It was narrated from him that he prayed to Allah, may He be exalted, to save him from the year 60 and the rulership of boys (young men), and he died in 57 or 59 AH. In 60 AH Yazeed ibn Mu‘aawiyah became the ruler. Thus it was known that Abu Hurayrah was seeking refuge with Allah from his rule, and Allah, may He be exalted, protected him from it, so he did not live to see those dark days.
It was narrated from him that he used to say – concerning some young men of Quraysh who caused corruption in the religious commitment of the Muslims, as it says in the hadith: If I wanted to tell you their names, I would do so. This indicates that he – like Hudhayfah ibn al-Yamaan – narrated hadiths about fitan (tribulations) and unjust rulers from the Prophet (blessings and peace of Allah be upon him), but he concealed them those those events came to pass, for fear of punishment from those tyrants and corrupt rulers. As for concealing any matters of religion, doing so is haraam according to consensus and according to the texts of the Qur’an and Sunnah, so how could he have concealed them? End quote.
Tafseer al-Mannaar (6/390)
Al-‘Allaamah Taahir al-Jazaa’iri (may Allah have mercy on him) said:
What he meant by the first vessel is the hadiths which he did not think would lead to any harm if he disclosed them, so he disclosed them. What he meant by the second vessel was the hadiths which had to do with unjust rulers and criticism of them. It was narrated from him that he said: If I wanted to tell you their names, I would do so.

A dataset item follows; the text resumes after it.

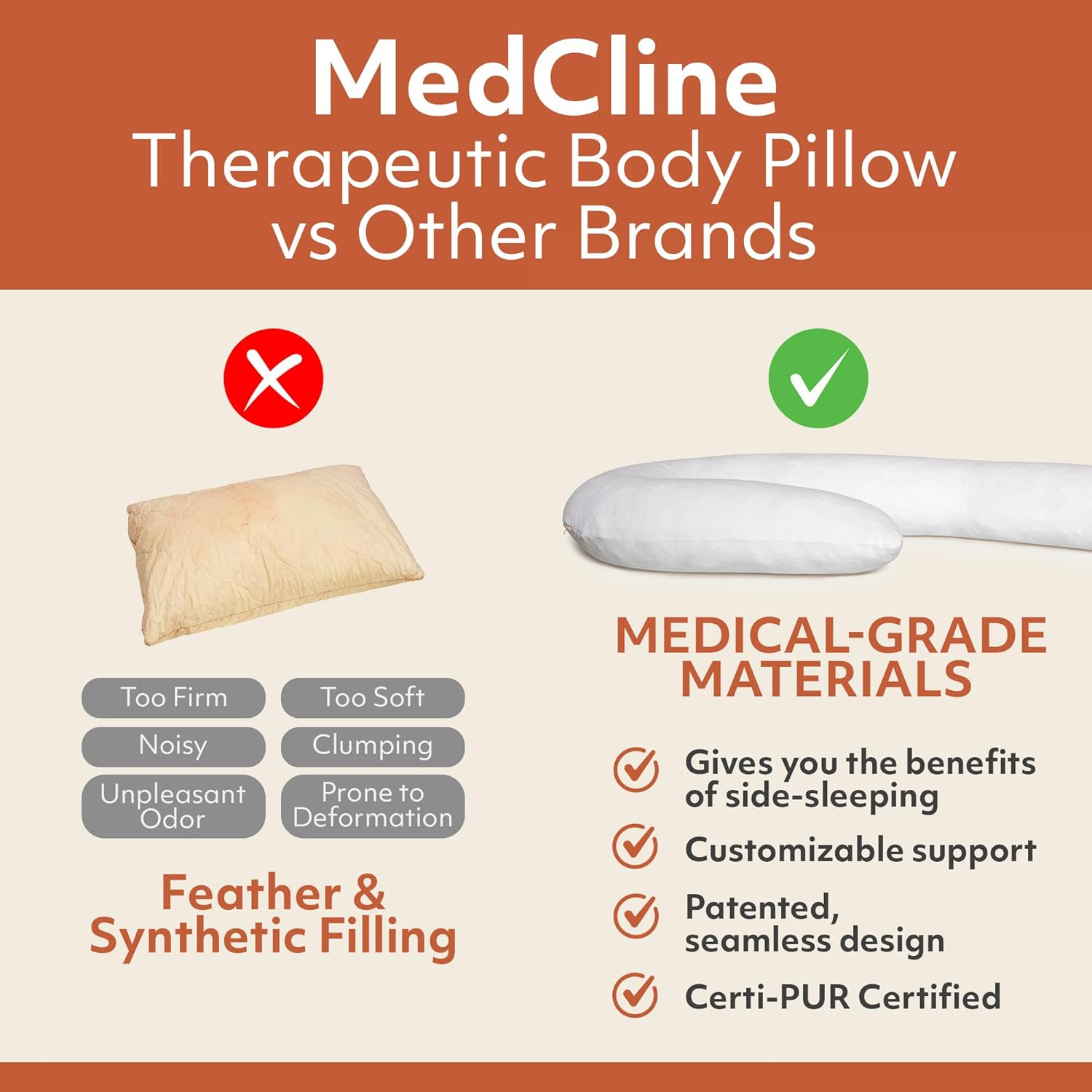 Store New Arrivals Add to Favorite View Feedback Contact Medcline Therapeutic Full Length Body Pillow, Adjustable Shredded Memory Foam Pillow for Side Sleepers, J-Shaped Body Pillow for Neck, Back, and Hip Support, Removable Washable Cover, 22"X50"X6" Description Unit Count 1.0 Count Style Body Pillow Size 1 Count (Pack of 1) Color White Pattern Solid Product Dimensions 50"L x 22"W Material Cotton Global Trade Identification Number 00854992005266 Item Firmness Description Medium Firm Item Weight 9 pounds Shape Semicircular Use for Back Material Feature Breathable Age Range (Description) Adult Recommended Uses For Product Sleeping Fill Material Memory Foam Number of Pieces 1 Special Feature Adjustable,Removable Brand MedCline Product Care Instructions Machine Wash Manufacturer Amenity Health Blissful Sleep with the Perfect Body Pillow: Designed to provide optimal support, the MedCline body pillow is ideal for side sleepers. Filled with adjustable shredded memory foam, it molds to your body, creating a comfortable position that supports conditions that benefit from side-sleeping, such as snoring, sciatica, lower back discomfort, and pregnancy-related aches. Stay in Position All Night with Ease: This J-shaped side sleeper pillow ensures a steady, supported position throughout the night. Perfect as a leg pillow for side sleeping or for those needing a reliable pillow for side sleepers with neck or shoulder pain, it transforms how you rest. Dimensions: 22” W x 50” L x 6” H. Patented Design for Personalized Comfort: Featuring a seamless and ergonomic build, the shredded memory foam body pillow contours to every body type. Whether used as a long pillow for bed or a side sleeper body pillow, it provides support and reduces pressure points for a restful night's sleep. Breathable, Washable Cover for Effortless Care: The MedCline full body pillow includes a plush, machine-washable cover, ensuring your side sleeper pillow for adults stays fresh and comfortable night after night. Ready for Relief Right Out of the Box: Compressed for convenience, this body pillow expands quickly to its full size, providing restful support for side sleepers and those seeking a body pillow for adults. Any mild memory foam scent fades within 72 hours, ensuring a fresh and relaxing experience. Product description The video showcases the product in use. The video guides you through product setup. The video compares multiple products. The video shows the product being unpacked. medcline body pillow Merchant Video 1 FIND YOUR FIT 2 BENEFITS 3 FIND RELIEF 4 FSA/HSA Can the MedCline body pillow be used on either the left or right side? Yes, MedCline products are designed so that you can sleep on your left or right side. Can I adjust the filling in the body pillow to my preferences? The shredded memory foam filling can be customized to your body, including creating a nest for your neck or adding the ideal support for your knees. If the stuffing migrates over time, simply fluff and shake back into place. What is the body pillow made of? Our body pillow is constructed with certified CertiPUR-US shredded memory foam. How do I keep my MedCline Body Pillow clean? The body pillow comes pre-installed with a plush cover that can be removed and washed. How is this body pillow different from others on the market? Our patented design eliminates all seams from the inner curvature of the body pillow so there isn’t anything uncomfortable pressing into your neck. ABOUT US We offer the best prices around on high quality products. Our E-store includes media such as books, movies, music and games while offering electronics, toys, sporting apparel, clothing, tools, general home, garden items and more. SHIPPING We are always working hard to ensure your package arrives as soon as possible. Please understand that some factors like weather, high postal traffic, and the performance of shipping companies are outside of our control. RETURNS We offer a 30-Day Return Policy on items which you are not completely satisfied with. You have the option for a full-refund or an exchange of the item. No returns are available on items shipped outside of the USA. PAYMENT We accept PayPal. CONTACT US This page content is yet to come Please ad us to your favorite seller and visit again later Thank You CUSTOMER SATISFACTION We try our very best to make sure every customer is completely satisfied. If there's a problem, message us! We're happy to help. WE ACCEPT Copyright © 2021 AutoDS. | All Rights Reserved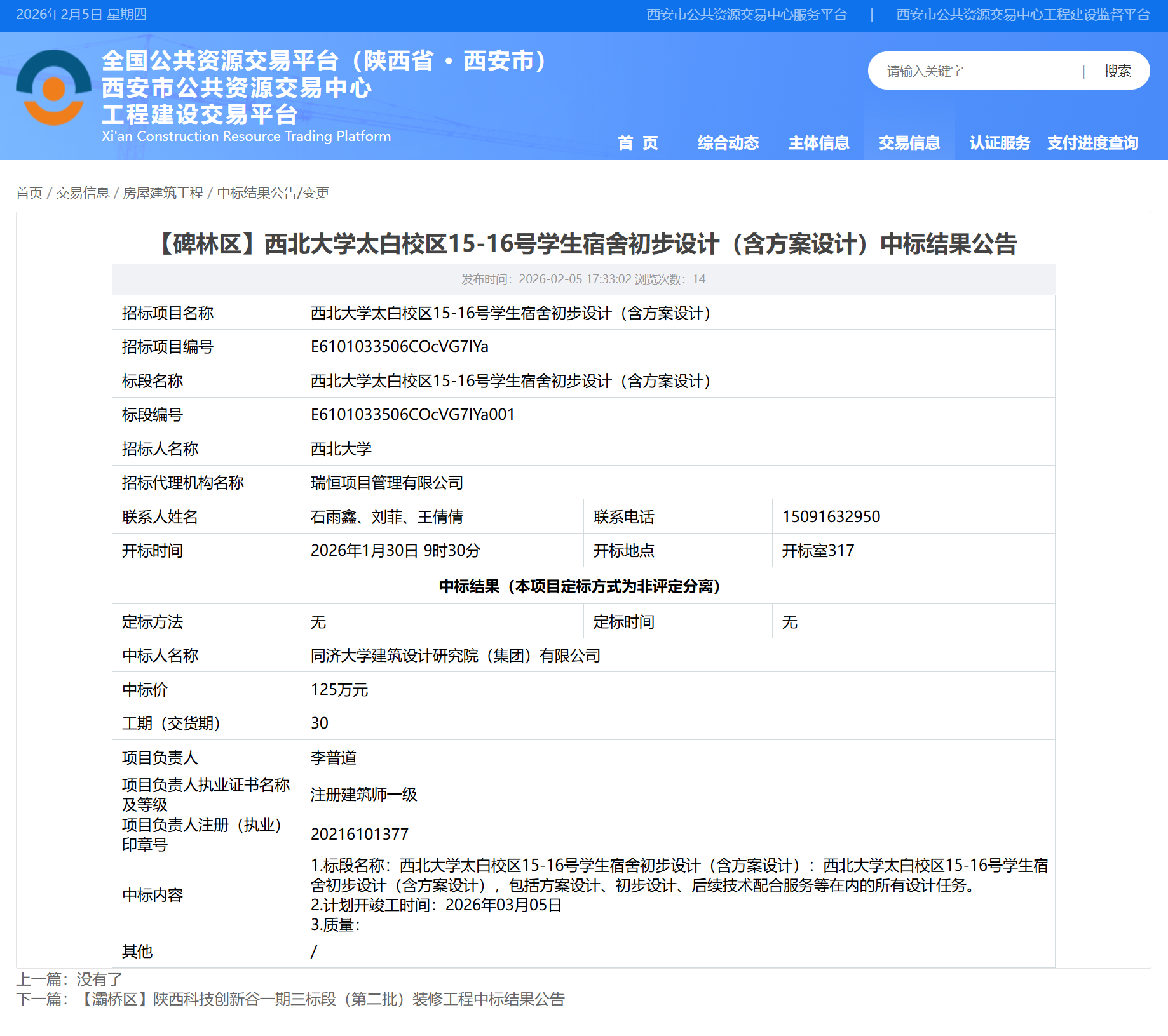 西北大学太白校区15-16号学生宿舍初步设计(含方案设计)中标结果公告

But he did not say that openly, for fear that they might harm him.
Some of the Sufis said: What he meant by it was hadiths having to do with the Divine secrets which no one can understand except people of high spiritual status.
But there is some doubt as to whether this is what is meant. If that was the case, then Abu Hurayrah could not have withheld them from all people; rather he would have disclosed them to some of the elite among the people. End quote.
Tawjeeh an-Nazr (1/63-64)
Please see also the answer to question no. 139569
And Allah knows best.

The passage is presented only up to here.